Reduction of chemical networks

 Despite the increase in computational power over the last few decades, the modeling of complex reaction networks for realistic applications remains a daunting task. We have developed a data-driven sparse learning approach to model reduction in chemical reaction networks. Different from other methods presented in literature and studies, the proposed method does not require any understanding of the underlying process. Instead, it learns the model from data generated from the chemical process. And, the method requires tuning of only one parameter, the tolerance on the distance. Because of the data-driven nature of this approach, it can be implemented on any reaction mechanism. We have developed a general paradigm for network inference in the physical sciences and engineering with particular emphasis on dynamical chemical and biological reaction networks. Hybrid methods using machine learning (black-box) and mechanistic state space modeling (white-box) are of special interest.


Combinatorial Optimization Problems

 Combinatorial optimization problems arise in many applications in various forms in seemingly unrelated areas such as data compression, pattern recognition, image segmentation, resource allocation, routing, and scheduling, graph aggregation, and graph partition problems.
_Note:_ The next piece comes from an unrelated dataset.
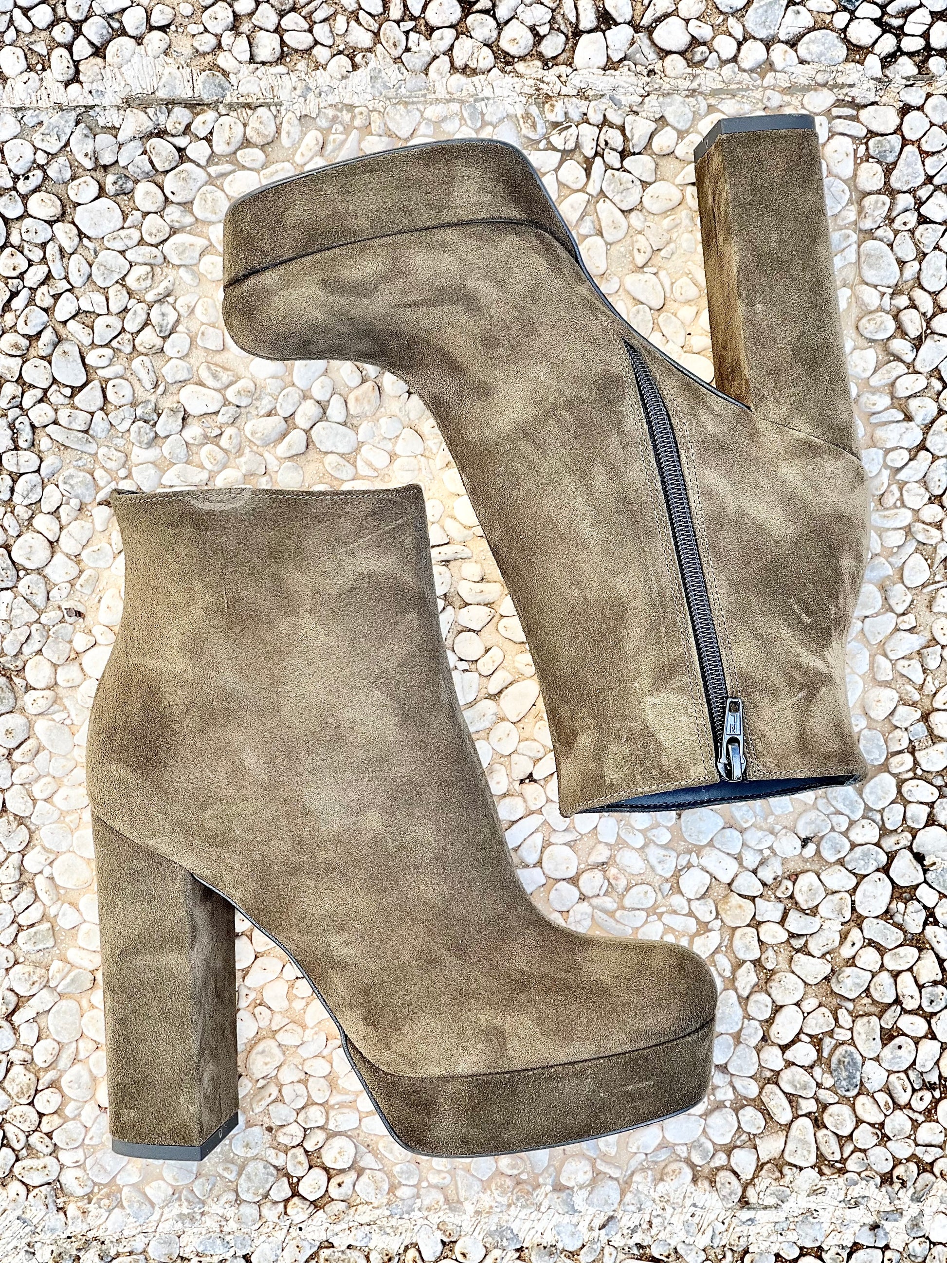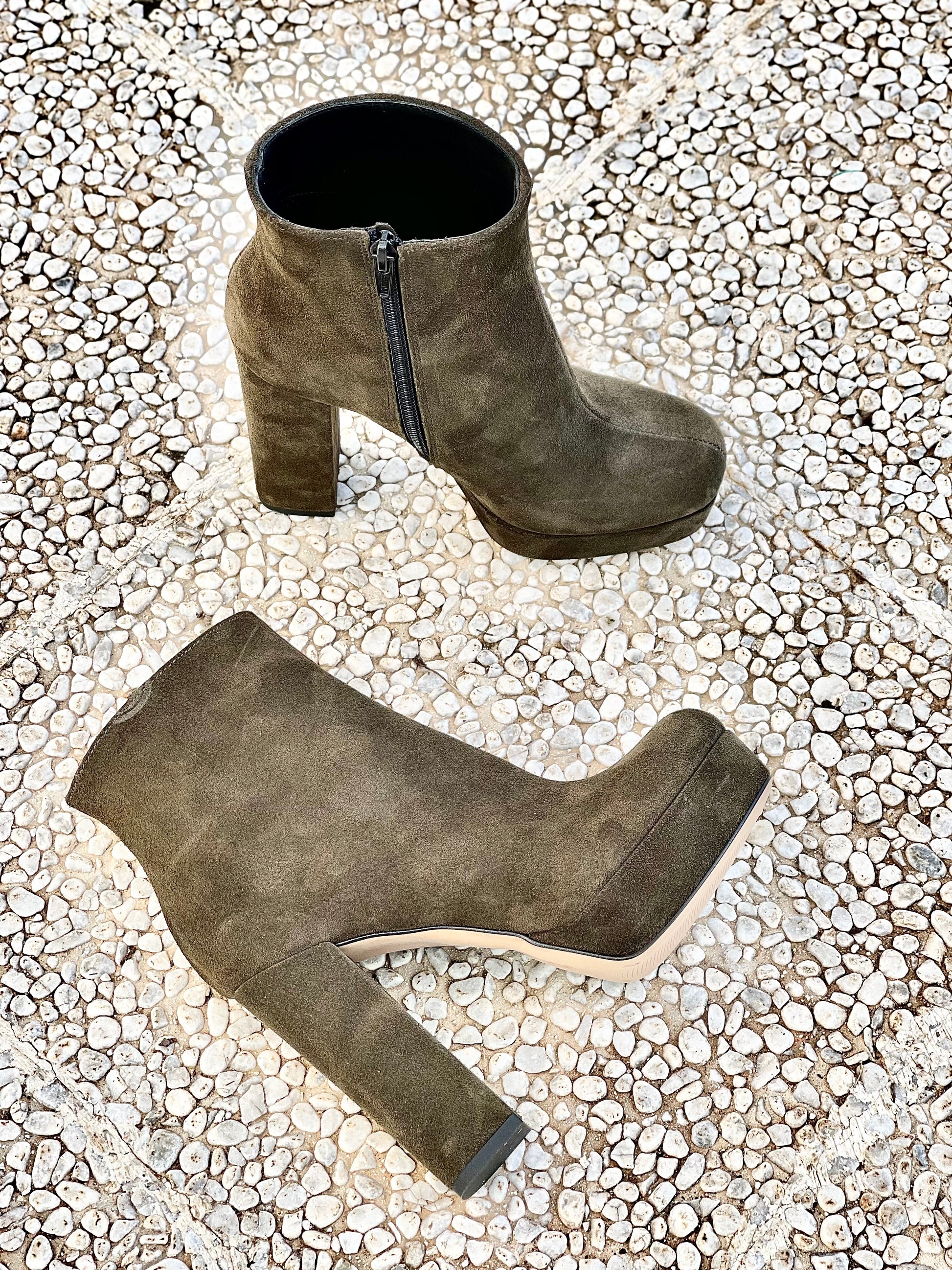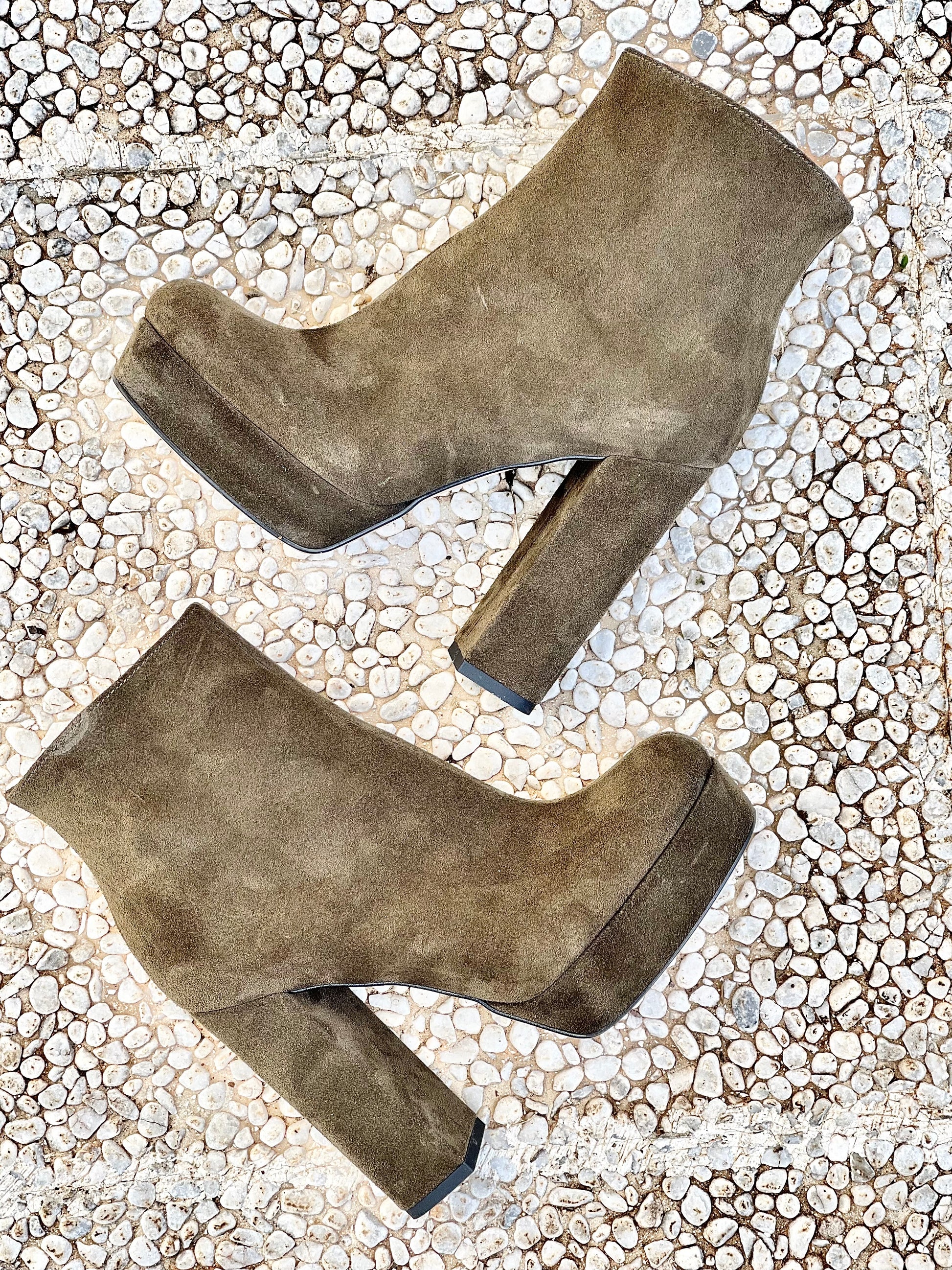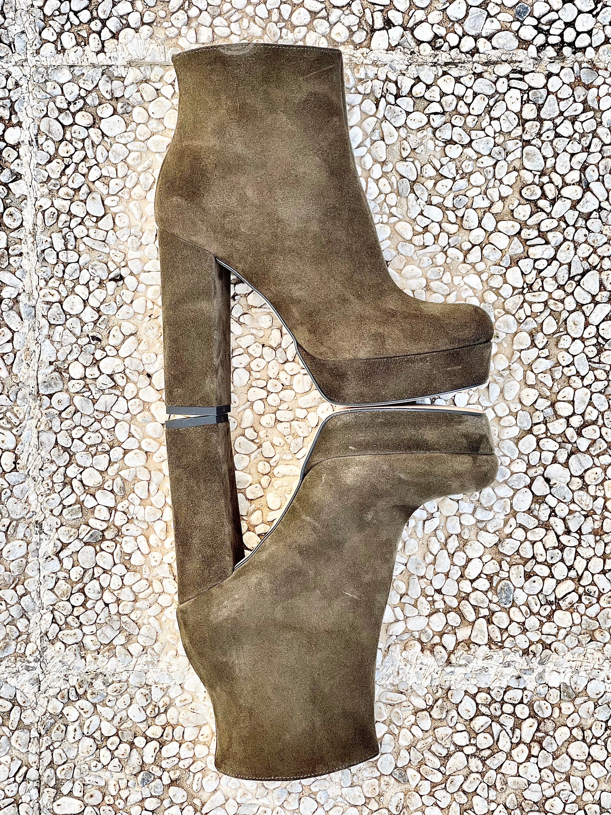 Μποτάκια με ημικυκλική μύτη από σουέτ, τακούνι 12 cm και πλατφόρμα 3 cm.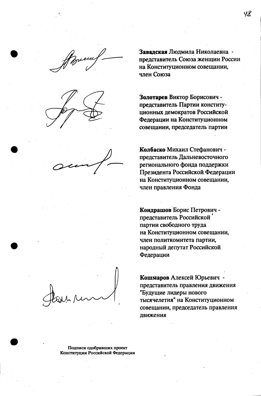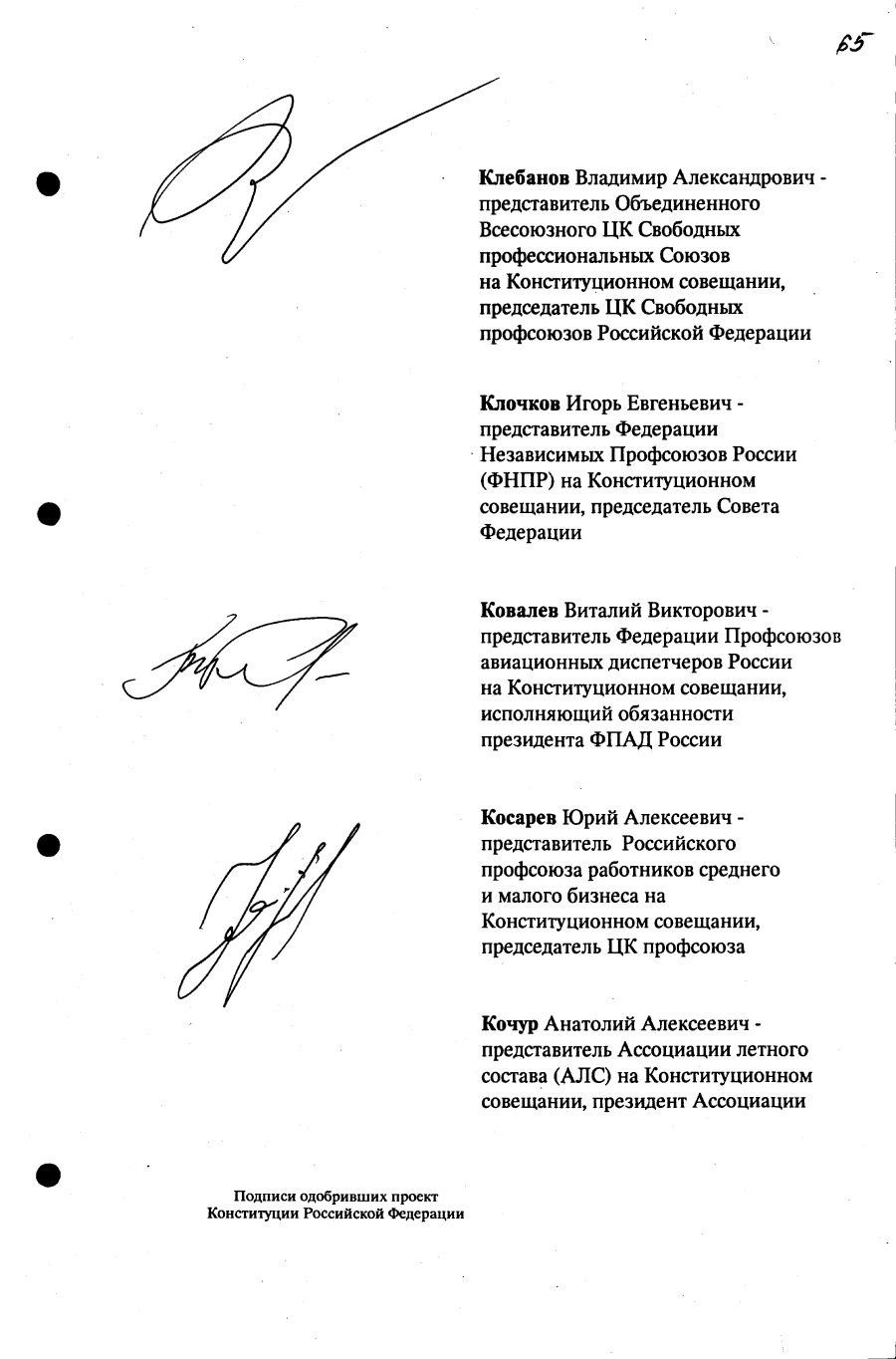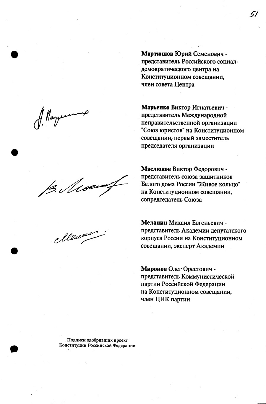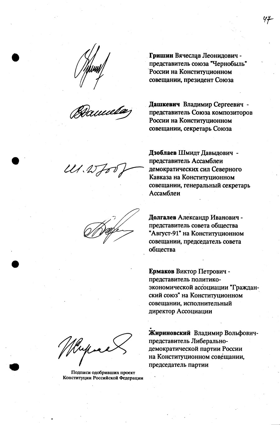 Проект Конституции РФ и подписи участников Конституционного совещания, одобривших этот проект 12 июля 1993 года (Представители политических партий, иных общественных организаций и массовых движений, профсоюзных организаций, религиозных конфессий)

These optimization problems are characterized by a combinatorial number of configurations, where a cost value can be assigned to each configuration, and the goal is to find the configuration that minimizes the cost. Moreover, these optimization problems are largely non-convex, computationally complex and suffer from multiple local minima that riddle the cost surface. In our work, we are motivated by solutions that are employed by nature to similar combinatorial optimization problems; well described in terms of laws such as maximum entropy principle (MEP) in statistical physics literature. Our main current contributions are threefold - (i) First, we first provide a clustering or resource allocation viewpoint to several combinatorial optimization problems: (a) data clustering, (b) graph partitioning (such as clustering of power networks), (c) traveling salesman problem (TSP) and its variants, (d) vehicle routing problem with time-windows (VRPTW), (e) multiway cut, and (f) graph coloring. This viewpoint enables a unified approach to handle a broader class of problems, and therefore efficient MEP based heuristics can be leveraged to obtain high-quality solutions. (ii) Second, we explore MEP based ideas to clustering problems specified by pairwise distances. Many problems in graph theory are indeed specified in terms of the corresponding edge-weight matrices (and not in terms of the nodal locational coordinates). (iii) Finally, our framework allows for inclusion of several constraints in the clustering/resource allocation problems. These constraints may correspond to capacity constraints in case of resource allocations where capacity of each resource is limited, or minimum-tour length constraints in case of traveling salesman problems (TSPs) and its variants.


Enabling the Grid of the Future

 The infrastructure that defines the U.S. electric grid is based largely on pre-digital technologies developed in the first part of the 20th century. In subsequent decades, grid development has evolved through emphasis on safety, accessibility, and reliability to security and resiliency. Throughout this evolution, the grid mainly relied on centralized power plants and developed protocols to provide system reliability based on that model. However, the increasing use of renewable generation and distributed energy resources (DER), such as residential solar and home energy storage, along with customers’ changing energy usage patterns are leading to greater uncertainty and variability in the electric grid. New tools are required to create a flexible and modern electric grid that can meet this increase in renewable generation and DERs, while providing the quality of service, resiliency, and reliability that customers expect. We have developed innovative hardware and software solutions to integrate and coordinate generation, transmission, and end-use energy systems at various points on the electric grid. These control systems will enable real-time coordination between distributed generation, such as rooftop and community solar assets and bulk power generation, while proactively shaping electric load.